Please copy each line of the listing below precisely, excluding the images.

● Task inputs:
+ + + + +

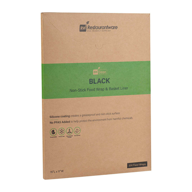 Elevate your food presentation with our Chef 101 No PFAS Added Black Papers Food Wrap and Basket Liners. These food wraps are constructed with premium paper, no PFAS Added, and are commercially compostable. Created with a greaseproof silicone coating, these taco paper wraps ensure no unwanted grease seeps onto your customers' hands or surfaces. Showcasing a classy black finish, these deli papers provide an upscale touch to your meals and are ideal for any occasion. These sandwich wrap papers are remarkably versatile, being freezable, allowing you to prep meals ahead of time. With their disposable nature, these recyclable basket liners make post-meal cleanup a breeze. Precut to a size of 15 inches by 11 inches, these wraps for food offer ample space to comfortably wrap up your delectable dishes. Sold in a 200 count box.
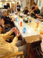 最初は「さ」のつく言葉を出していただきました。「さくら」「さくらんぼ」が多かったですが沢山出て、ホワイトボードに描き切れない位でした。お隣の方と相談したりして、脳を活性化💡できたようです。
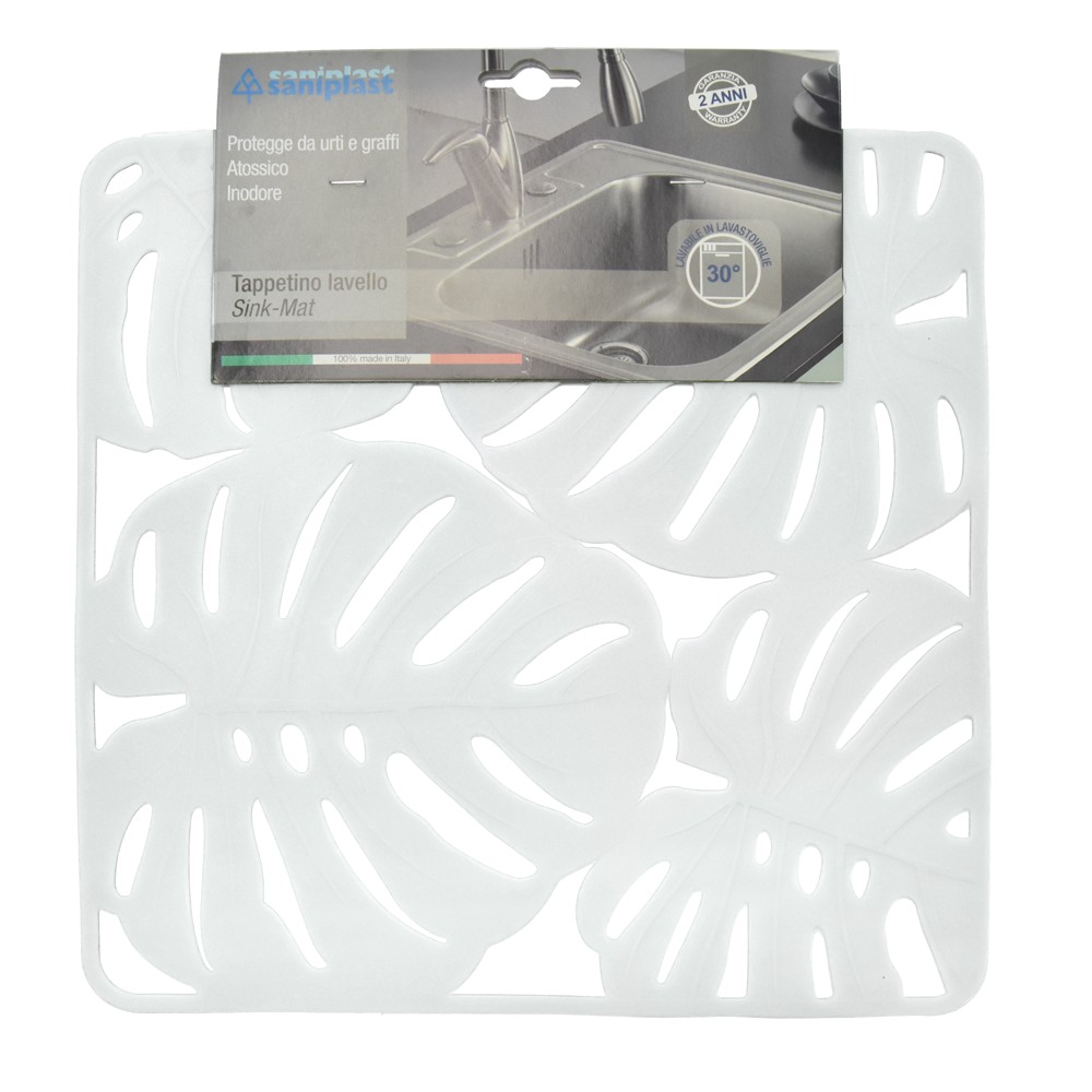 Anti-slip sink mat, Foglie, pvc, white, 32x32 cm
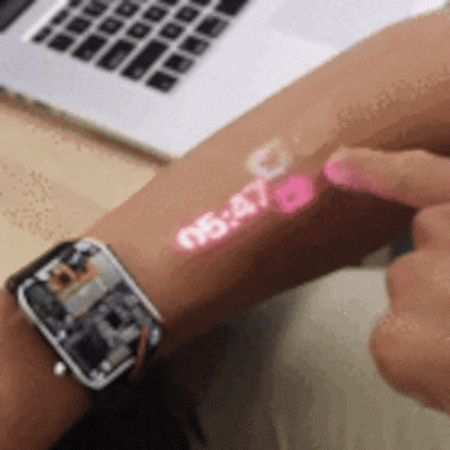 ¿Se te queda corta la pantalla de tu smartwatch? LumiWatch te propone extenderla por tu antebrazo a través de una proyección táctil. Unos 40 centímetros cuadrados de superficie interactiva.
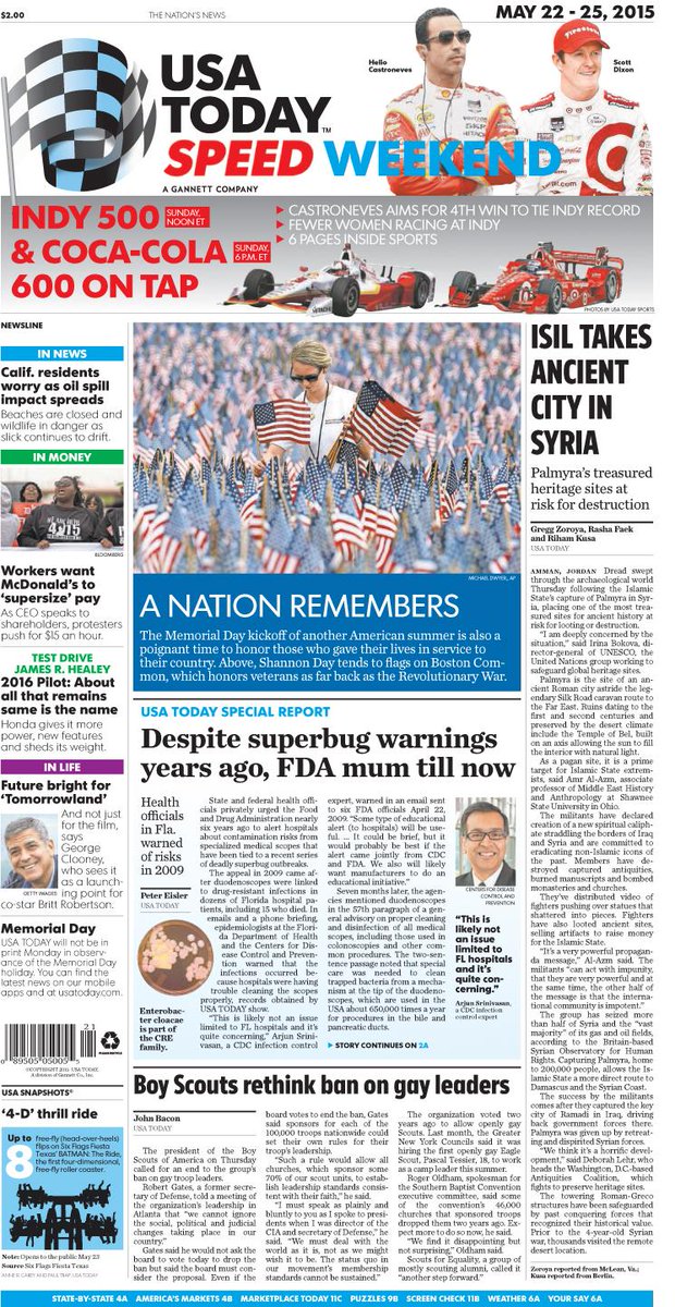 “@USATODAY: Today's #frontpage: Ancient sites at risk after #ISIL takes city. #FDA quiet on superbug risks til now. pic.twitter.com/eGZWeKFSRL”
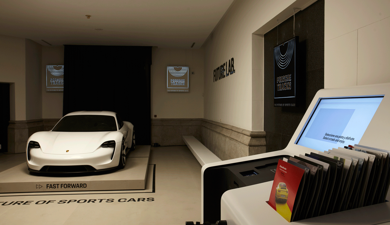 Abierto al público, gratuito y durante dos semanas en plenas fiestas navideñas, la marca eligió el Palacete Carlos Mª de Castro en el señorial barrio de Almagro para montar un espacio de marca de 400m2 en el que el público podía conocer la historia y futuro de Porsche, sus modelos legendarios y el futuro hacia la movilidad eléctrica que representa el futuro modelo Mission E. Y es precisamente el plato fuerte del pop-up, el Porsche Mission E, el elemento que articulaba el recorrido y las distintas estancias de ‘Porsche Tracks’. Así el modelo presidía el paso de carruajes del edificio, convertido en una sala interactiva, donde el público podía conocer el nuevo modelo a través de la realidad virtual y dispositivos móviles. De ahí se podía pasar a distintas salas donde sentarse en cómodos sillones y disfrutar de los cuadros del artista Manu Campa con lienzos de distintos modelos de Porsche; un bibliobar o un rincón del diseño en el que las paredes convertidas en pizarra invitaban a diseñar el modelo 911 de la marca.
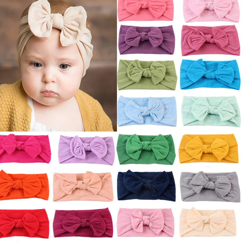 Новая нейлоновая лента для волос 21 цвета с небольшим бантом, нейлоновая повязка на голову.

+ + + + +

● Answer for this exercise:
 Elevate your food presentation with our Chef 101 No PFAS Added Black Papers Food Wrap and Basket Liners. These food wraps are constructed with premium paper, no PFAS Added, and are commercially compostable. Created with a greaseproof silicone coating, these taco paper wraps ensure no unwanted grease seeps onto your customers' hands or surfaces. Showcasing a classy black finish, these deli papers provide an upscale touch to your meals and are ideal for any occasion. These sandwich wrap papers are remarkably versatile, being freezable, allowing you to prep meals ahead of time. With their disposable nature, these recyclable basket liners make post-meal cleanup a breeze. Precut to a size of 15 inches by 11 inches, these wraps for food offer ample space to comfortably wrap up your delectable dishes. Sold in a 200 count box.
 最初は「さ」のつく言葉を出していただきました。「さくら」「さくらんぼ」が多かったですが沢山出て、ホワイトボードに描き切れない位でした。お隣の方と相談したりして、脳を活性化💡できたようです。
 Anti-slip sink mat, Foglie, pvc, white, 32x32 cm
 ¿Se te queda corta la pantalla de tu smartwatch? LumiWatch te propone extenderla por tu antebrazo a través de una proyección táctil. Unos 40 centímetros cuadrados de superficie interactiva.
 “@USATODAY: Today's #frontpage: Ancient sites at risk after #ISIL takes city. #FDA quiet on superbug risks til now. pic.twitter.com/eGZWeKFSRL”
 Abierto al público, gratuito y durante dos semanas en plenas fiestas navideñas, la marca eligió el Palacete Carlos Mª de Castro en el señorial barrio de Almagro para montar un espacio de marca de 400m2 en el que el público podía conocer la historia y futuro de Porsche, sus modelos legendarios y el futuro hacia la movilidad eléctrica que representa el futuro modelo Mission E. Y es precisamente el plato fuerte del pop-up, el Porsche Mission E, el elemento que articulaba el recorrido y las distintas estancias de ‘Porsche Tracks’. Así el modelo presidía el paso de carruajes del edificio, convertido en una sala interactiva, donde el público podía conocer el nuevo modelo a través de la realidad virtual y dispositivos móviles. De ahí se podía pasar a distintas salas donde sentarse en cómodos sillones y disfrutar de los cuadros del artista Manu Campa con lienzos de distintos modelos de Porsche; un bibliobar o un rincón del diseño en el que las paredes convertidas en pizarra invitaban a diseñar el modelo 911 de la marca.
 Новая нейлоновая лента для волос 21 цвета с небольшим бантом, нейлоновая повязка на голову.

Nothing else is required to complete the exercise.